Афанасий Васильевич нагибается к уху и каждому по секрету шепчет с расстановкою: “3-а с-т-а-т-ь-ю о б-ю-д-ж-е-т-е!” Затем быстро откидывается назад и, пристально глядя в глаза изумленного встречного, говорит: “Поняли вы?”
— Тсссс, — говорит встречный, мотая головой.
— Поняли? — спрашивает опять Афанасий Васильевич, поднимая вверх указательный палец с кольцом от мощей Тихона Задонского.
— Понял-с, понял. Как не понять.
— Нет, вы прочтите.
— А у вас есть?
— Еще бы!
— Дайте, пожалуйста.
Афанасий Васильевич запускает руку в боковой карман и достает мелко переписанную женской рукою статью о государственных расходах.
— Вот-с, она, сама Ноточка писала. У меня, батюшка, все, и сам, и дети, и жену посадил, все переписывали, пока книжку держали из библиотеки.
— А можно переписать? — спрашивает встречный.
— Отчего же, можно, только мою-то не замарайте; это ведь Ноточка писала.
— Нет-с, как можно!.. А ничего это, Афанасий Васильевич?
— В каком отношении?
Встречный озирается и двумя нотами ниже говорит:
— Так, знаете, чтобы чего-нибудь…
— Э! полноте; ведь это с печатанного, да и вы можете сказать, что это я вам дал.
— Да-с, могу… покорно благодарю, покорно благодарю, — лепечет встречный, упрятывая в карман своих шаровар статью, переписанную душистой ручкой Ноточки.

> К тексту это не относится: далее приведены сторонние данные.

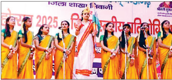
भिवानी। आयोजित कार्यक्रम में अपनी प्रस्तुती देती प्रतिभागी।

— Эй вы! Петр Егорович! а Петр Егорович! — кричит Афанасий Васильевич, отпустив от себя соседа шагов на пятнадцать. Сосед оборачивается.
— Поскорее, — кричит Афанасий Васильевич.
— Чего-с? — кричит сосед, делая из горсти павильон над своим ухом.
— Поскорее, говорю.
— Что? — Сосед решается приблизиться к Афанасию Васильевичу и опять повторяет: “Что скорее?”
— Переписывайте-то скорее, — говорит Афанасий Васильевич, интересничая и понижая голос.
— А! Я скоро, скоро. А вы разве здесь не надолго?
— Да вот только людишек обещали поунять; завтра, думаю, все будет готово.
— Бунтуют? — с участием спрашивает встречный сосед.
— Да так, дворов сносить от усадьбы по положению не хотят.
— А все смирно?
— Да как вам сказать… Так вы поскорее, пожалуйста.
— Извольте, извольте-с. — Соседи расходятся.
— А позвольте узнать, Афанасий Васильевич, — говорю я после этой сцены, — отчего вы уверены, что “Современник” приостановлен вследствие статьи о бюджете?
— А то вследствие чего же-с? — задорно спрашивает меня Афанасий Васильевич.
— Да я этого не знаю.
— А! то-то и есть. А я знаю, что за эту статью.
— Не верится.
— Отчего же это вам не верится?
— Да оттого, что я статью эту знаю, и ничего в ней нет такого, что могло бы навести на ваши заключения.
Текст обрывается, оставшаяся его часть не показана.